**RAW DATA**
━━━━━━━━━━━━━━━━
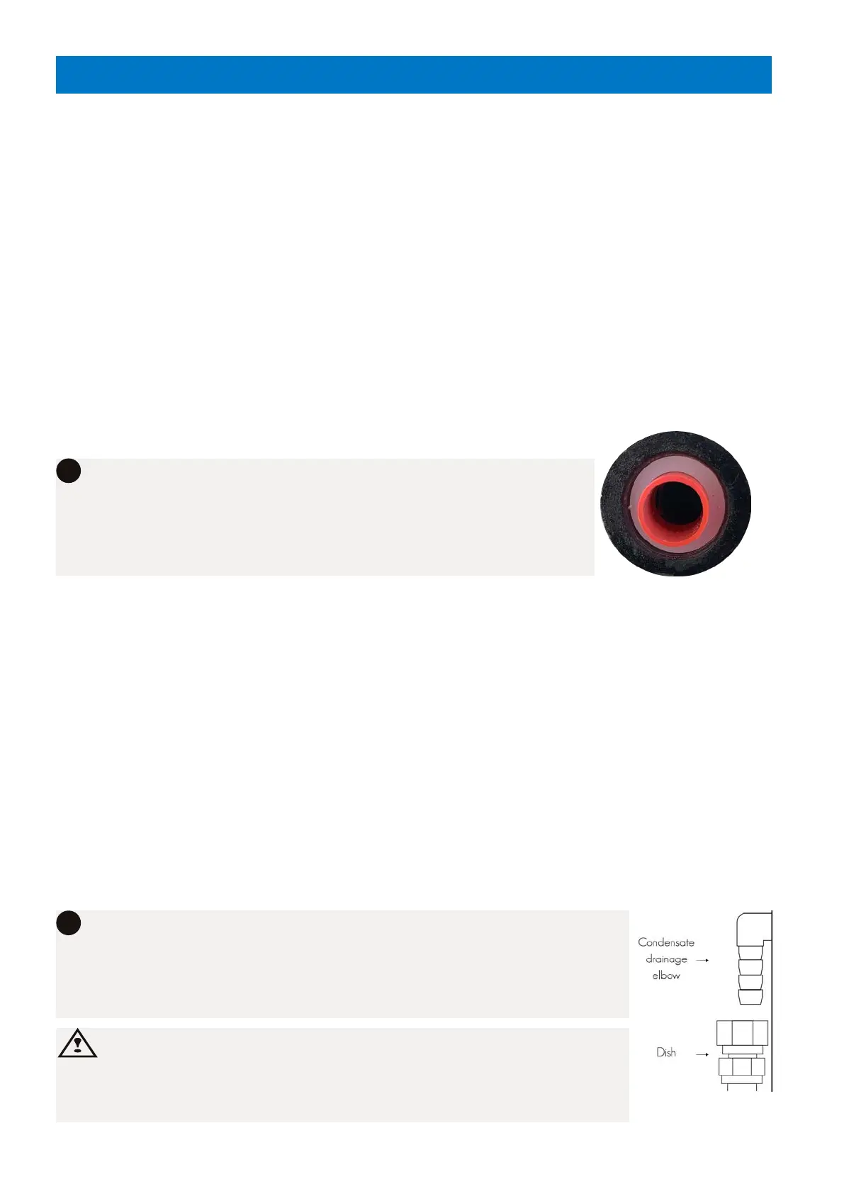 • The system comes with a pre-installed condensate drain connection elbow. Drainage of
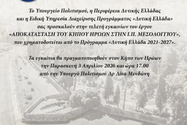Την Παρασκευή 3 Απριλίου θα πραγματοποιηθούν τα εγκαίνια του αποκατεστημένου…
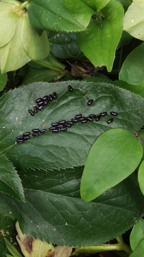 These are on a leaf in a hydrangea bed. Are they seeds? Hopefully not bugs!
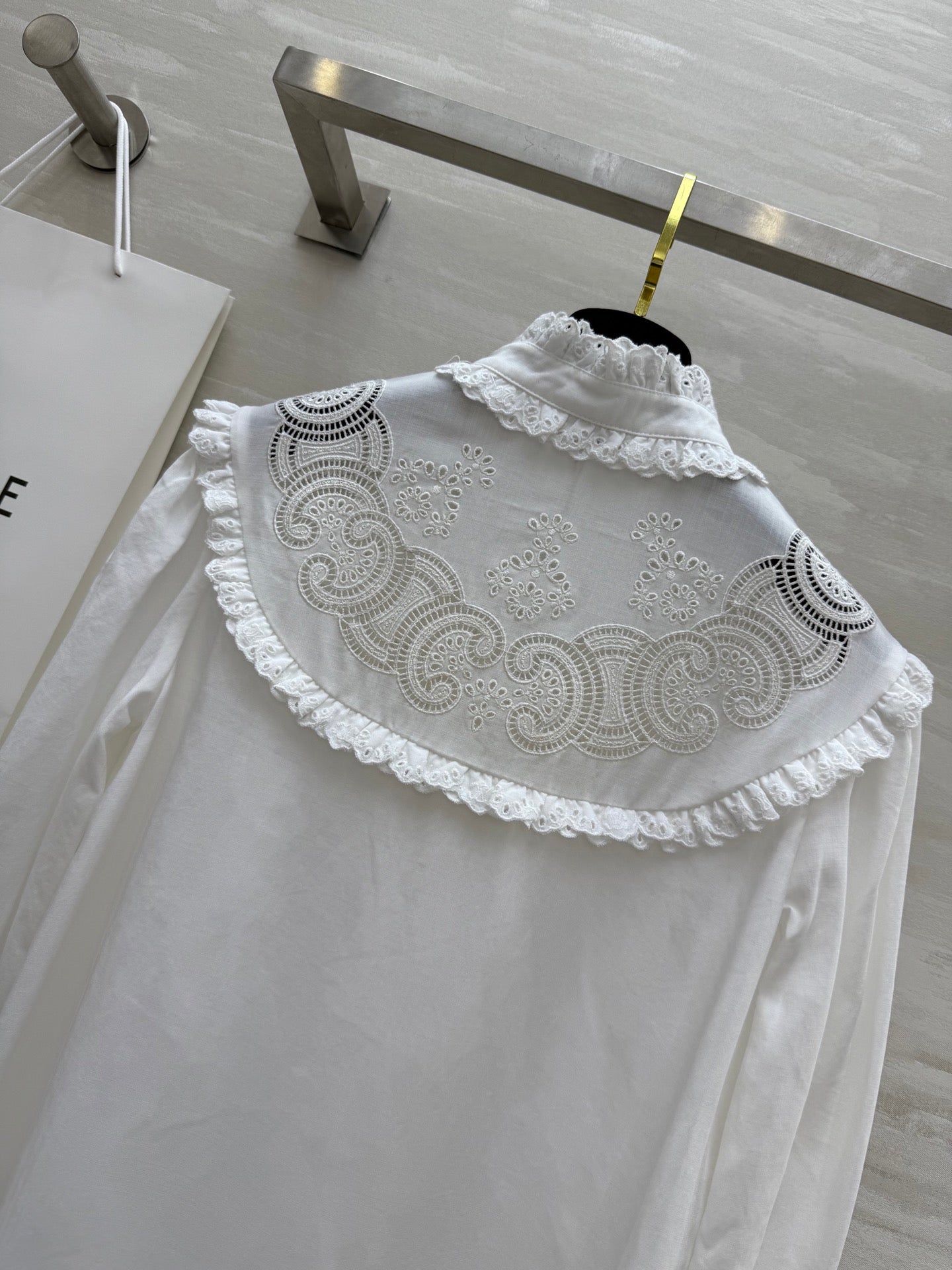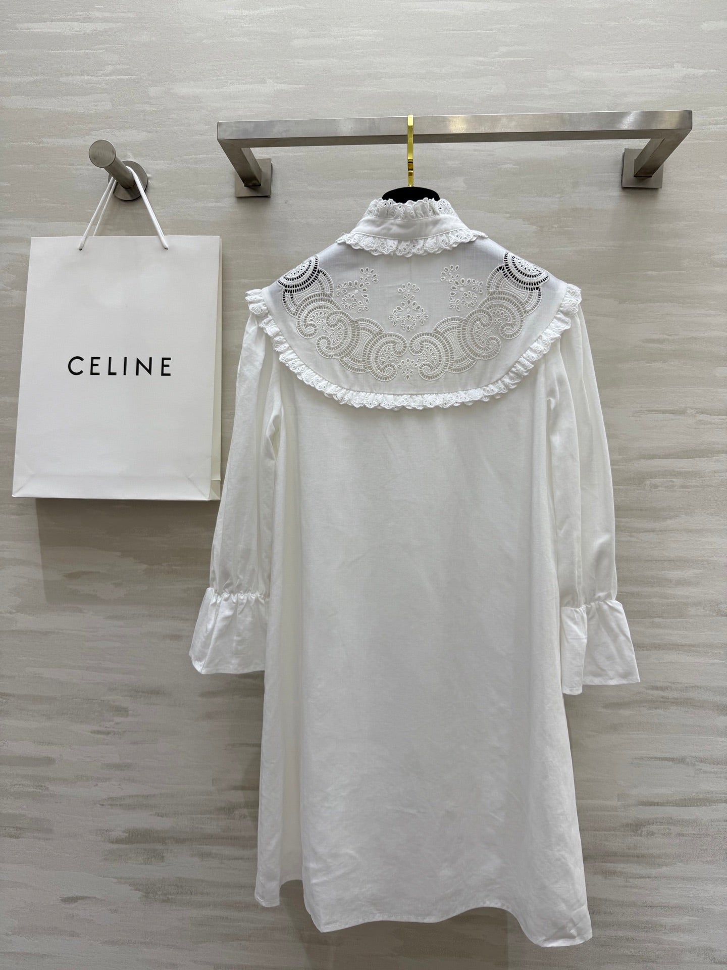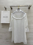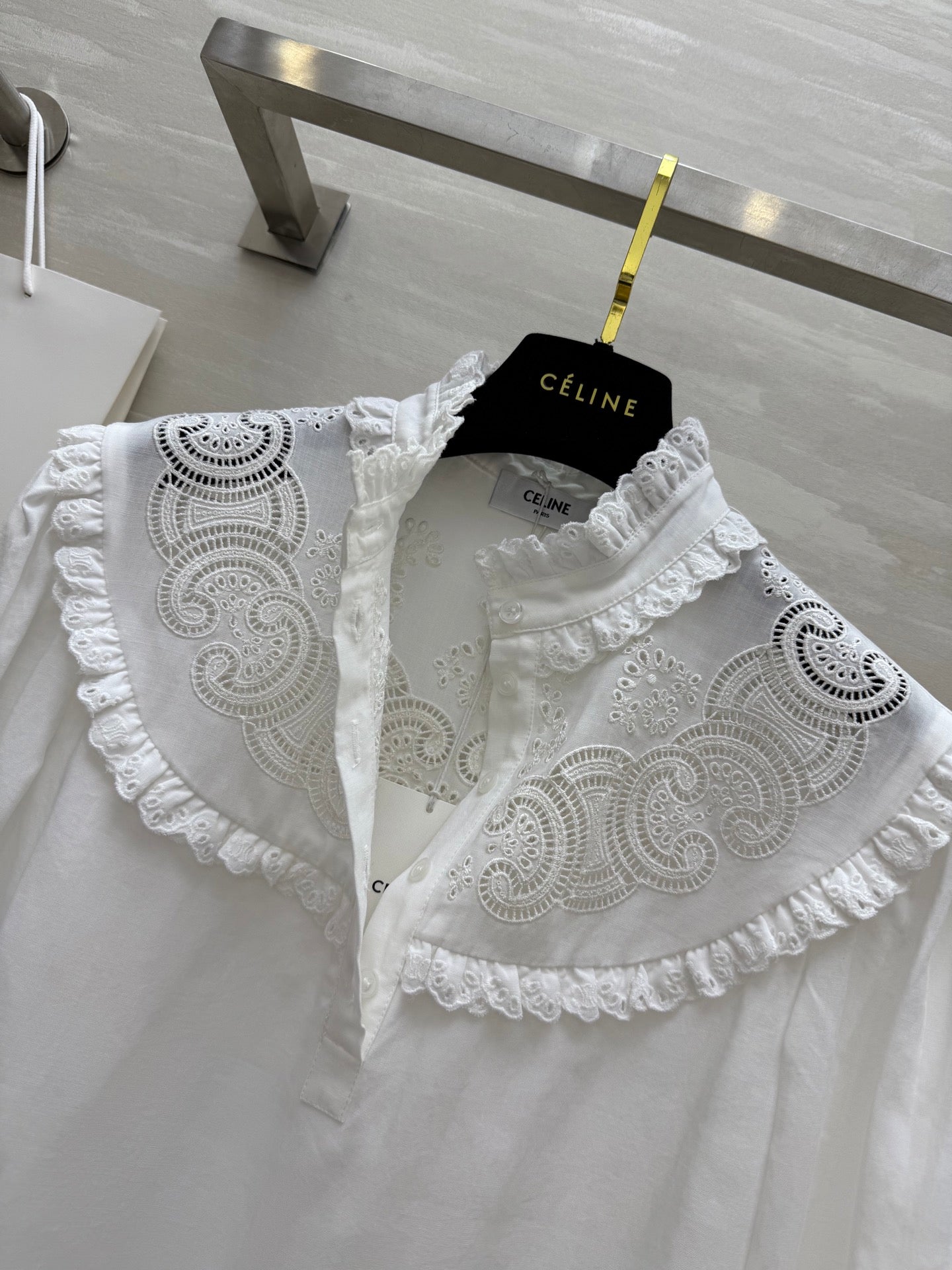 Celine 25 Long sleeve embroidered shirt dress White Cotton
━━━━━━━━━━━━━━━━
**HOW TO COMPLETE THIS TASK**
Start with the line that holds "These are on" and retype each line through the last one in the data, exactly and without pictures.

**YOUR SOLUTION**
 These are on a leaf in a hydrangea bed. Are they seeds? Hopefully not bugs!
 Celine 25 Long sleeve embroidered shirt dress White Cotton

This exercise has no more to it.